::: Data shown

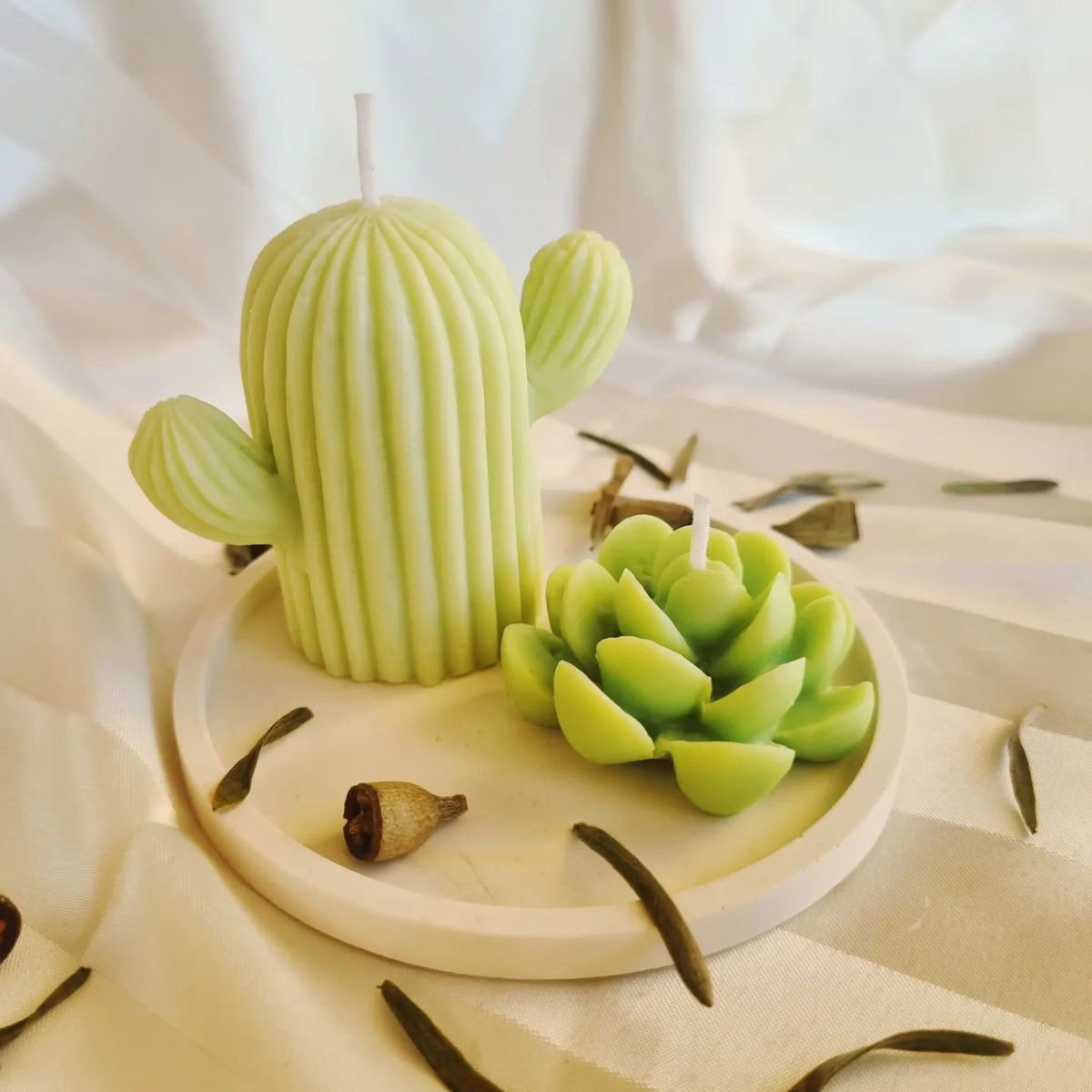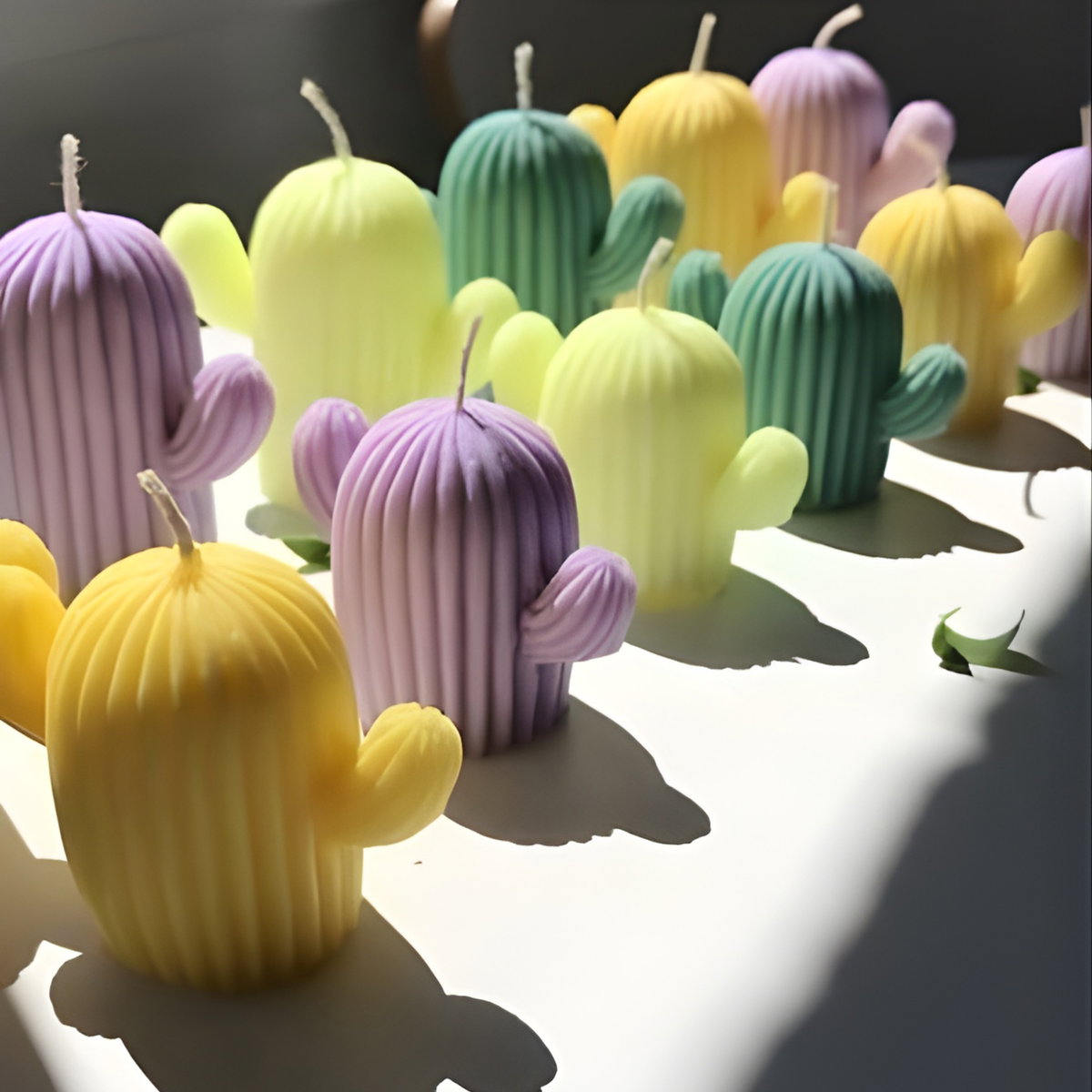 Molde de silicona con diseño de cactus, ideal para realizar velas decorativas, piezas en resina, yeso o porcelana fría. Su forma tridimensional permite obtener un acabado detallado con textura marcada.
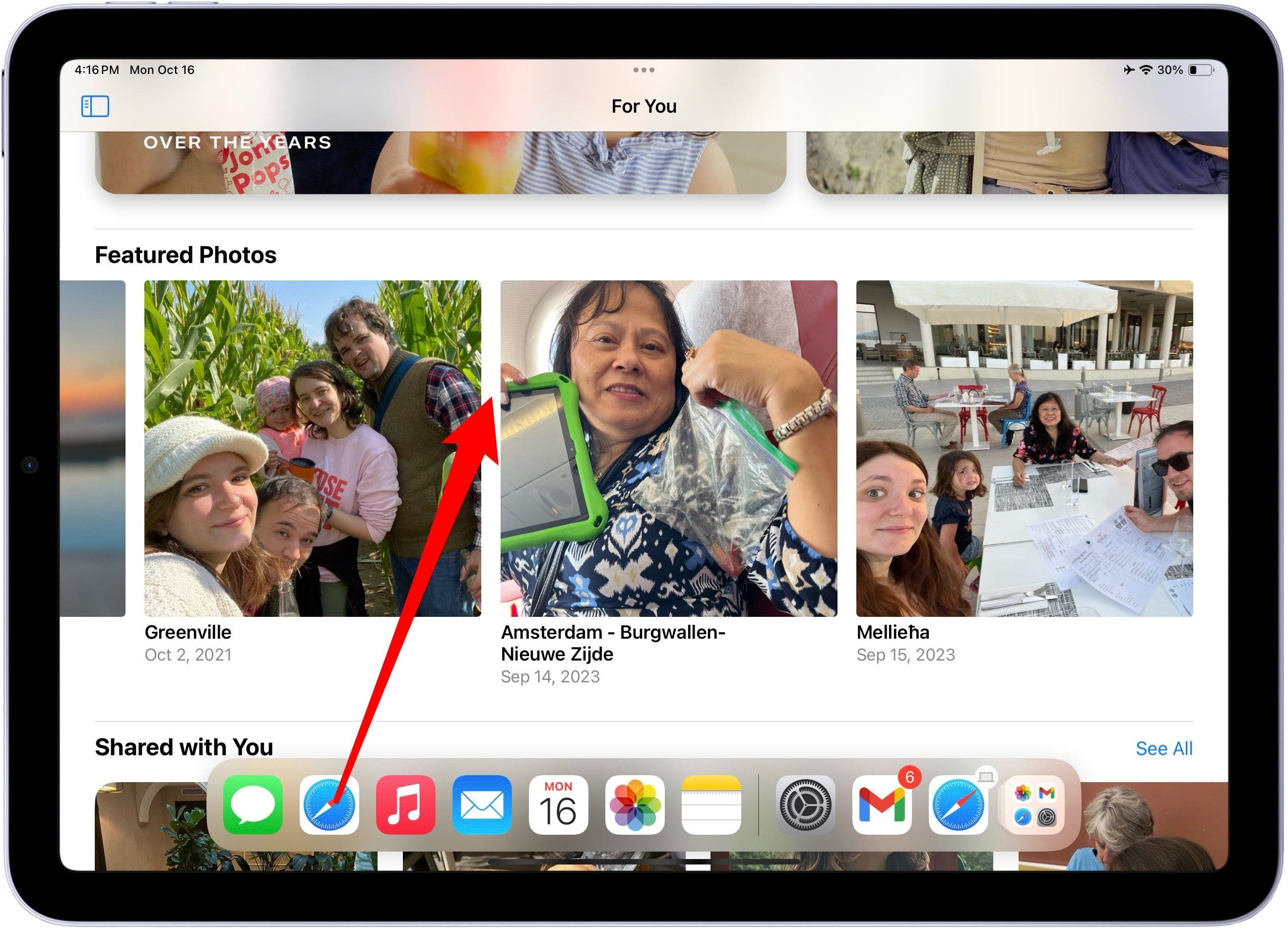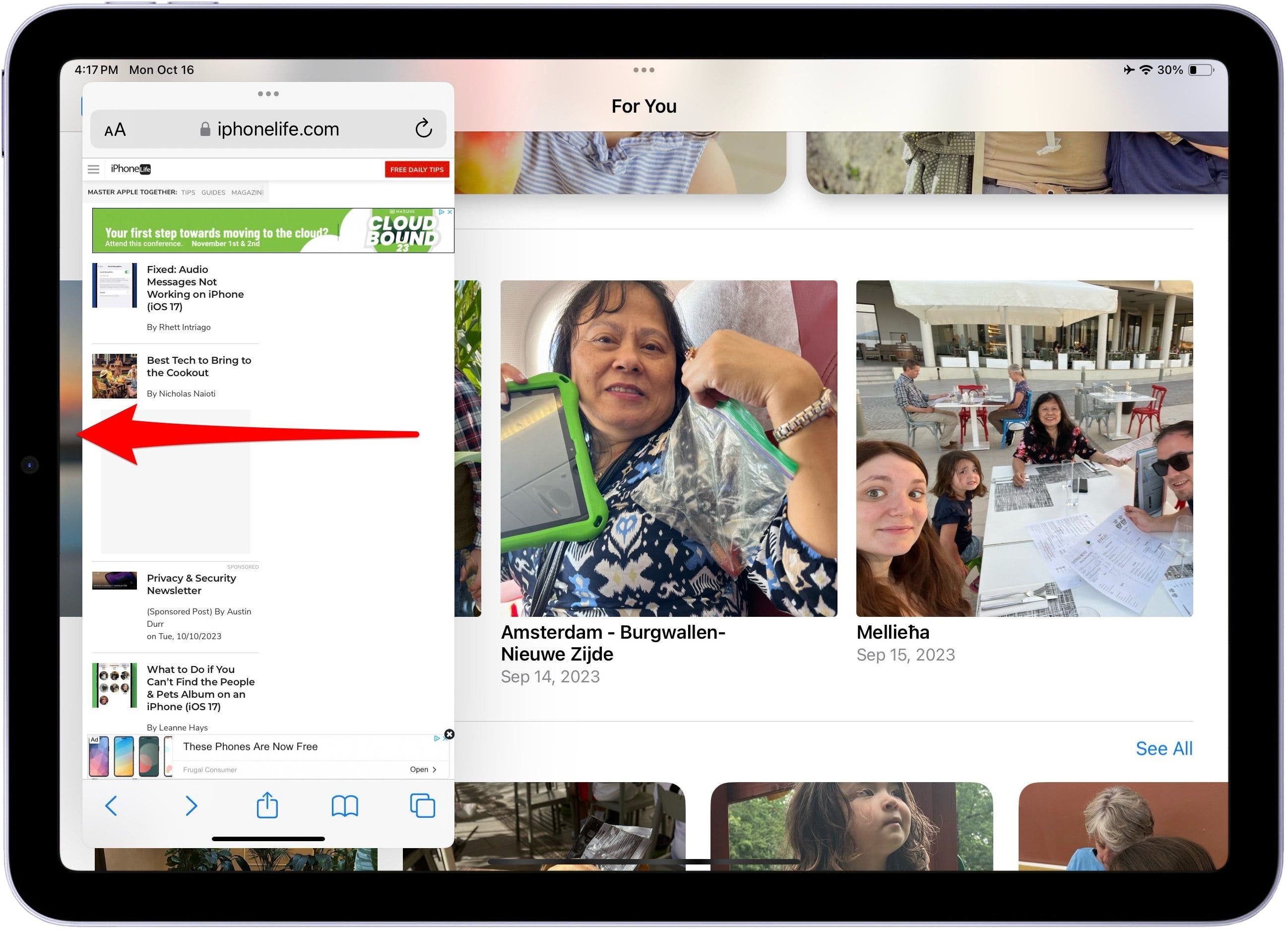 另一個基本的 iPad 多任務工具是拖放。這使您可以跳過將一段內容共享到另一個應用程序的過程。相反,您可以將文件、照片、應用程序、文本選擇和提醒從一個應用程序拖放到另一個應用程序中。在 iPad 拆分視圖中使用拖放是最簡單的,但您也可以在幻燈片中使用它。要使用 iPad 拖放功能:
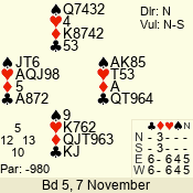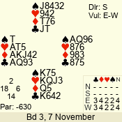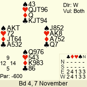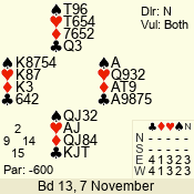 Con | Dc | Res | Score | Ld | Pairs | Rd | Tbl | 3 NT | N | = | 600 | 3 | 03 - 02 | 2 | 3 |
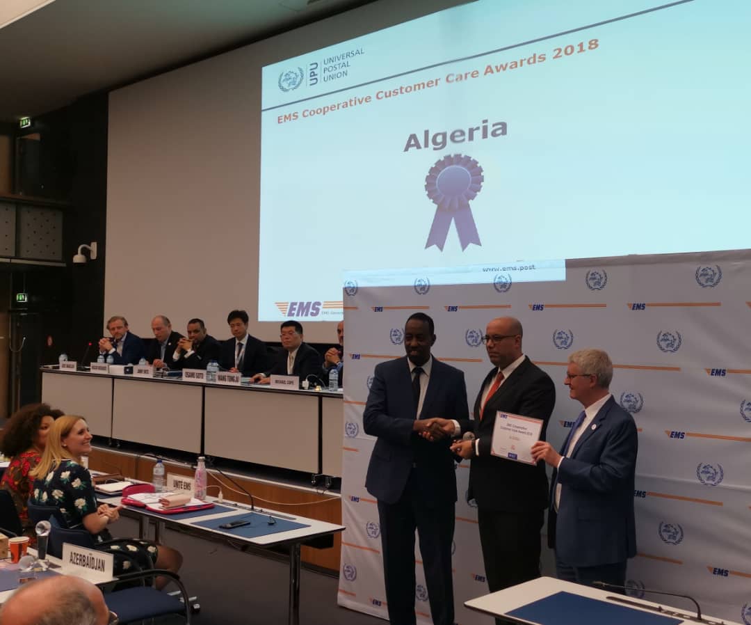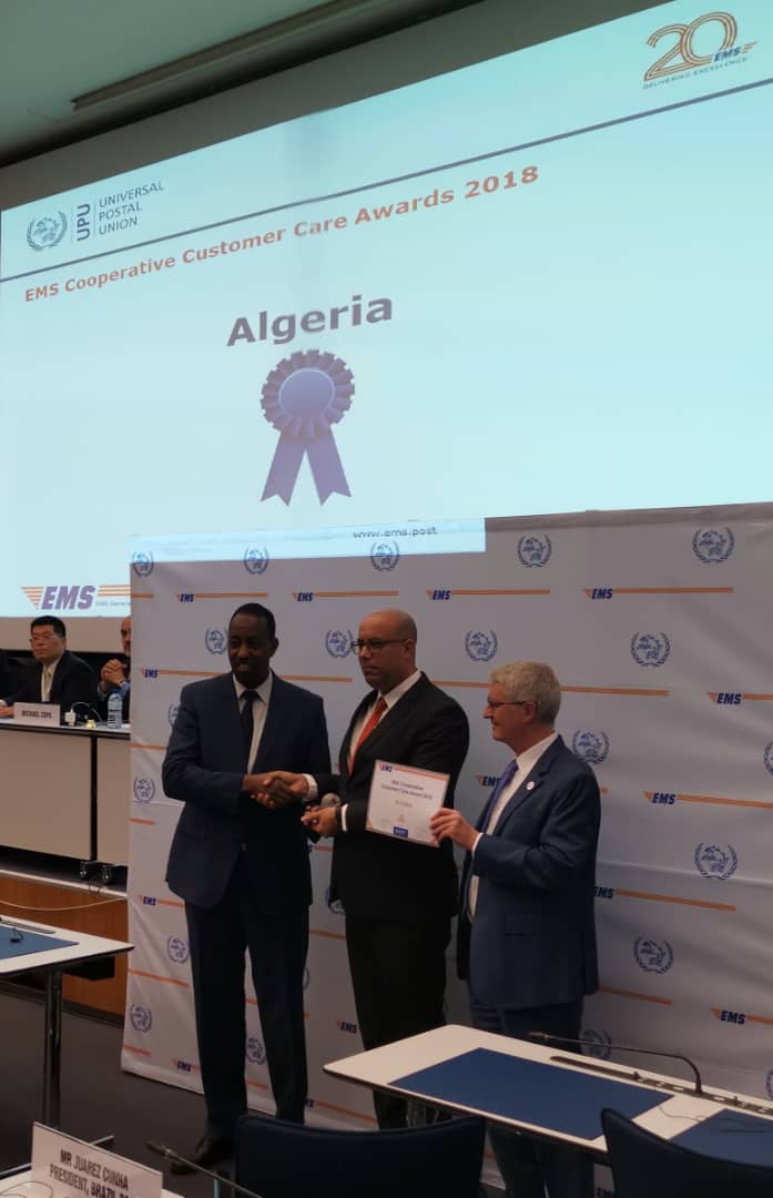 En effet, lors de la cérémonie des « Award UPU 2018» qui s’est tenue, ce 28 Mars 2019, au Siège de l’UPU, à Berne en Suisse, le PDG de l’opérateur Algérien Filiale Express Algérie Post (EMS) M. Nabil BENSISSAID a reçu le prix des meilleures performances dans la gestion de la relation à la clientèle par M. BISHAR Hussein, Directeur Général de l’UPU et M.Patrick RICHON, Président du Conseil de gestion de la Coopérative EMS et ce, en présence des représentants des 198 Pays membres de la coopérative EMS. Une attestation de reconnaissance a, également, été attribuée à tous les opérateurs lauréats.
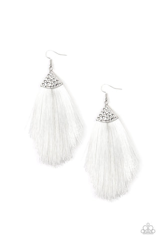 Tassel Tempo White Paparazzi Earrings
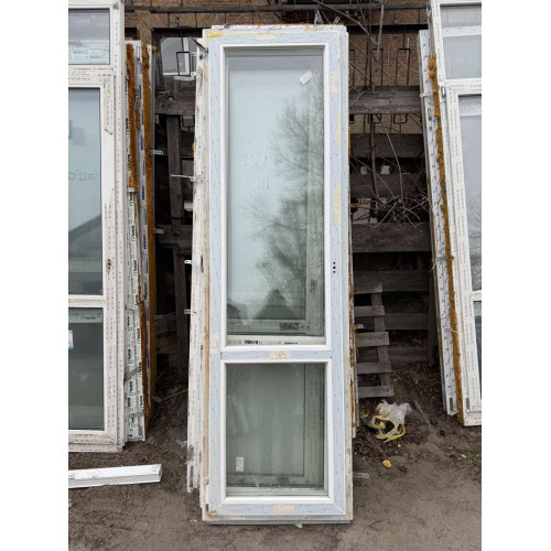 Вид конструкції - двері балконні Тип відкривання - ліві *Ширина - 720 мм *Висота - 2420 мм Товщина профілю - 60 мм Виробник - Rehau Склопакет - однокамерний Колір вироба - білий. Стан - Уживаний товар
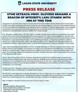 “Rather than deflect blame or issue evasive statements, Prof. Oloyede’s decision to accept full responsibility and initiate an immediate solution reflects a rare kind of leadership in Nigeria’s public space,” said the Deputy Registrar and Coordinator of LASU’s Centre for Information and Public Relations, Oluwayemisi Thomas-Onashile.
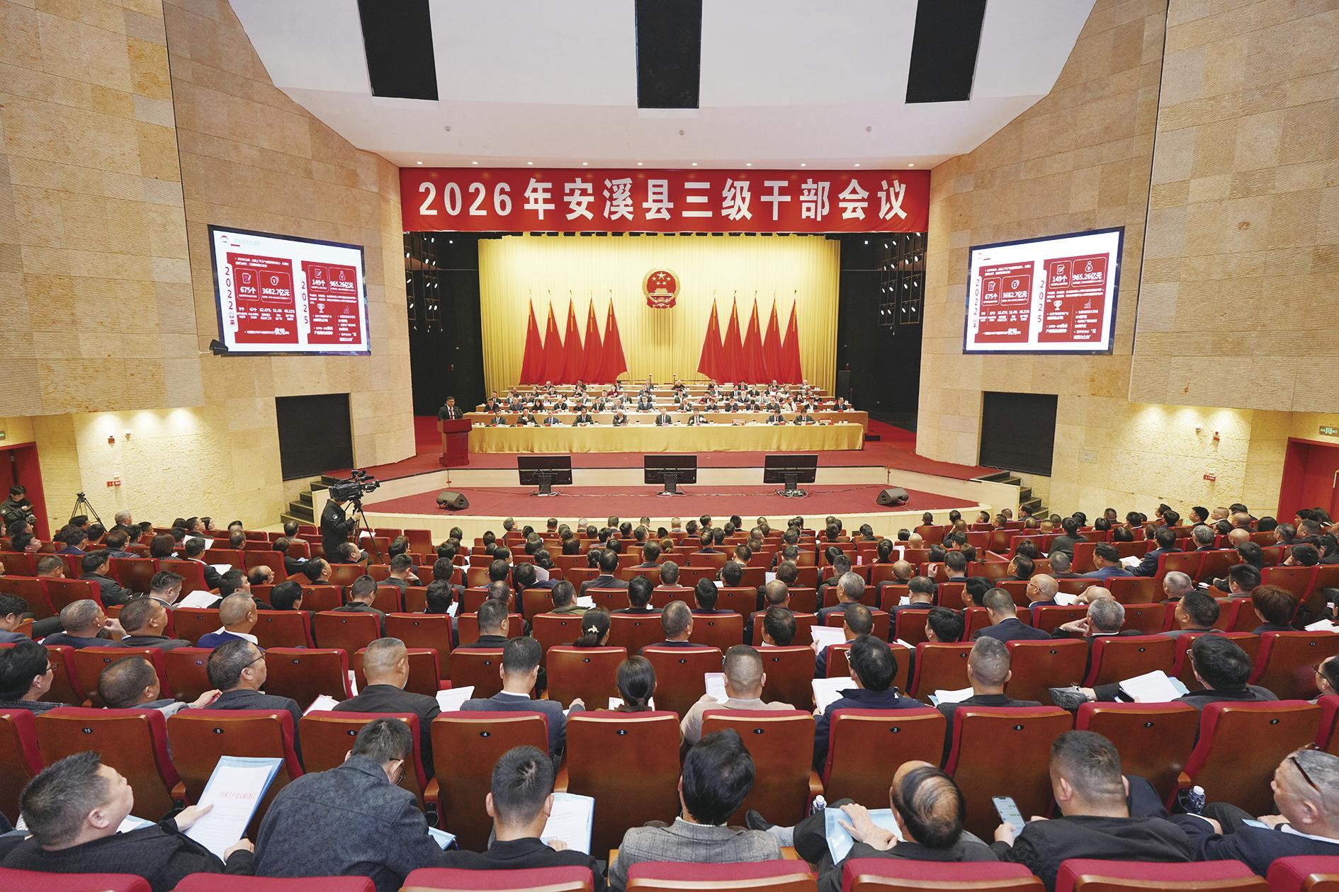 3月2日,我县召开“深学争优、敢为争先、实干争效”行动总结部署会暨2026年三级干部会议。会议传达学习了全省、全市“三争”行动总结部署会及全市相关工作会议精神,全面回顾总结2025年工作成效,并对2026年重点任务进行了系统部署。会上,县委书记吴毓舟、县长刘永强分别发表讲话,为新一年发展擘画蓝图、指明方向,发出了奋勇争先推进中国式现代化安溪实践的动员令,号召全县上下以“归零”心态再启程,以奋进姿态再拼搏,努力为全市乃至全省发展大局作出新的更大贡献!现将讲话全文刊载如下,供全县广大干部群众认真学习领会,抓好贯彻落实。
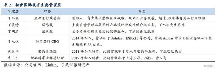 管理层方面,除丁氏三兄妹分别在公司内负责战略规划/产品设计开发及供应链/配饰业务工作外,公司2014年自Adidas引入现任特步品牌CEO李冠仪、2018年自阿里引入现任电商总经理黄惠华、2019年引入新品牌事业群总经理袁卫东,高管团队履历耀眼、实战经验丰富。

::::::

** Problem to work on **
In the answer, give only the lines from the one containing "Con | Dc | Res" through the end of the records above, each reproduced exactly. Include no pictures.

** Solution to the exercise **
 Con | Dc | Res | Score | Ld | Pairs | Rd | Tbl | 3 NT | N | = | 600 | 3 | 03 - 02 | 2 | 3 |
 En effet, lors de la cérémonie des « Award UPU 2018» qui s’est tenue, ce 28 Mars 2019, au Siège de l’UPU, à Berne en Suisse, le PDG de l’opérateur Algérien Filiale Express Algérie Post (EMS) M. Nabil BENSISSAID a reçu le prix des meilleures performances dans la gestion de la relation à la clientèle par M. BISHAR Hussein, Directeur Général de l’UPU et M.Patrick RICHON, Président du Conseil de gestion de la Coopérative EMS et ce, en présence des représentants des 198 Pays membres de la coopérative EMS. Une attestation de reconnaissance a, également, été attribuée à tous les opérateurs lauréats.
 Tassel Tempo White Paparazzi Earrings
 Вид конструкції - двері балконні Тип відкривання - ліві *Ширина - 720 мм *Висота - 2420 мм Товщина профілю - 60 мм Виробник - Rehau Склопакет - однокамерний Колір вироба - білий. Стан - Уживаний товар
 “Rather than deflect blame or issue evasive statements, Prof. Oloyede’s decision to accept full responsibility and initiate an immediate solution reflects a rare kind of leadership in Nigeria’s public space,” said the Deputy Registrar and Coordinator of LASU’s Centre for Information and Public Relations, Oluwayemisi Thomas-Onashile.
 3月2日,我县召开“深学争优、敢为争先、实干争效”行动总结部署会暨2026年三级干部会议。会议传达学习了全省、全市“三争”行动总结部署会及全市相关工作会议精神,全面回顾总结2025年工作成效,并对2026年重点任务进行了系统部署。会上,县委书记吴毓舟、县长刘永强分别发表讲话,为新一年发展擘画蓝图、指明方向,发出了奋勇争先推进中国式现代化安溪实践的动员令,号召全县上下以“归零”心态再启程,以奋进姿态再拼搏,努力为全市乃至全省发展大局作出新的更大贡献!现将讲话全文刊载如下,供全县广大干部群众认真学习领会,抓好贯彻落实。
 管理层方面,除丁氏三兄妹分别在公司内负责战略规划/产品设计开发及供应链/配饰业务工作外,公司2014年自Adidas引入现任特步品牌CEO李冠仪、2018年自阿里引入现任电商总经理黄惠华、2019年引入新品牌事业群总经理袁卫东,高管团队履历耀眼、实战经验丰富。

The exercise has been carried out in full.